Los soldados se quedaron atónitos ante lo que habían hecho, se dieron cuenta de que habían matado a unos civiles. Se sintieron culpables y arrepentidos por su error.
― ¡Oh, no! ¡Qué hemos hecho! ― exclamó el soldado, lamentándose.
― No lo sabía. Pensé que eran zombis ― dijo el otro soldado, justificándose.
― No importa. Hemos matado a unos inocentes. Hemos fallado a nuestro deber ― dijo el primer soldado, reconociendo el error.
Los soldados se quedaron en silencio. No sabían cómo reparar su error. No sabían cómo seguir adelante. Se quedaron en shock, no pudiendo creer lo que habían hecho. Habían matado a unos civiles por error.
― ¿Qué vamos a hacer ahora? ― preguntó uno de los soldados, nervioso.
― No lo sé. Tenemos que informar al comandante ― respondió otro soldado.
― ¿Y qué le vamos a decir? ¿Que hemos matado a unos inocentes? ¿Que hemos fallado a nuestro deber? ― dijo el primer soldado, nervioso.
― No tenemos otra opción. Tenemos que decir la verdad ― dijo el segundo soldado.
Los soldados se comunicaron por radio con el comandante. Le contaron lo que había sucedido. Le pidieron perdón y le rogaron que no los castigara.
El comandante escuchó el informe con incredulidad y enfado. No podía creer lo que habían hecho sus hombres. Habían cometido un grave error que podía tener consecuencias fatales.
― ¿Están locos? ¿Cómo han podido hacer algo así? ¿No se dan cuenta de que han puesto en peligro a toda la ciudad? ¡Descuidaron la fortaleza para disparar a un coche de civiles! ― gritó el comandante, furioso.

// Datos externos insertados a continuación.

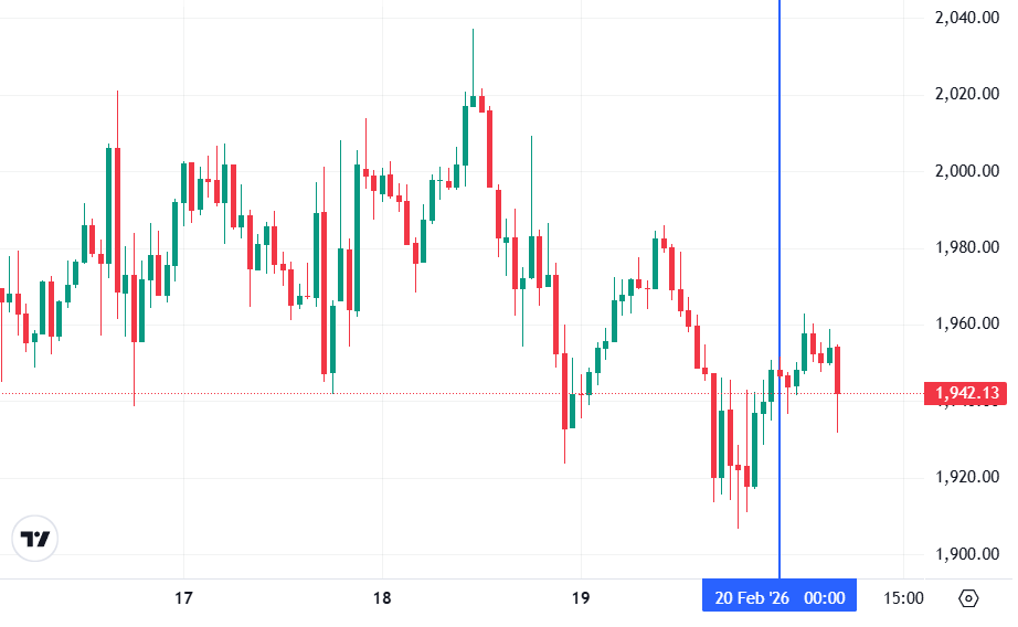 Вторая по капитализации криптовалюта Ethereum начала день с бокового движения. По состоянию на момент написания обзора, монета торгуется по $1 942 (1 токен в рублях — ₽148 911).

― Lo sentimos, señor. Fue un accidente. Pensábamos que eran zombis ― se disculparon los soldados, asustados.
― No me sirven sus excusas. Han actuado sin pensar. Han disparado sin confirmar. Han violado las normas de seguridad ― les reprochó el comandante, furioso.
― ¿Qué quiere que hagamos, señor? ¿Qué podemos hacer para remediarlo? ― preguntaron los soldados, asustados.
― Lo único que pueden hacer es rezar para que no haya más zombis por ahí. Y para que no haya más civiles infectados en la ciudad ― dijo el comandante, furioso.
El comandante les ordenó que se quedaran en sus puestos y que continuaran vigilando la situación. Les dijo que enviaría un equipo de limpieza para recoger los restos del coche y de los cuerpos. Les ordenó que esperaran su llamada.
Los soldados obedecieron al comandante y se quedaron en sus puestos. Se sintieron culpables y arrepentidos por su error. Se sintieron temerosos y angustiados por la situación.
Pero lo que no sabían era que su error había desencadenado una catástrofe.
No eran conscientes de que la explosión del coche y otras similares ocasionadas en otros puntos de la ciudad, habían atraído a más zombis hacia la misma, los cuales habían logrado ingresar por otras entradas menos vigiladas, comenzando a atacar a todos los habitantes.
La ciudad de Montevideo se convirtió en un infierno. Los zombis invadieron las calles y los edificios, matando y devorando a los habitantes. Los soldados y los policías intentaron defender la ciudad, pero fueron superados en número y en fuerza. Los civiles se escondieron en sus casas, en sus refugios, en sus bunkers, pero no pudieron escapar de la muerte. El virus zombi se propagó por toda la ciudad, infectando a todos los que entraban en contacto con él. Nadie se salvó. Nadie sobrevivió.
El comandante fue el último en caer. Se atrincheró en su oficina, rodeado de armas y municiones. Resistió hasta el final, disparando a los zombis que intentaban entrar. Pero no pudo evitar que lo mordieran. Sintió el dolor y el horror de la infección. Sintió el cambio y la pérdida de su humanidad. Antes de convertirse en zombi, se pegó un tiro en la cabeza.
Así terminó Montevideo, la ciudad de los resilientes. De manera trágica y cruel, que pudo haber sido diferente de no ser por la suma de errores.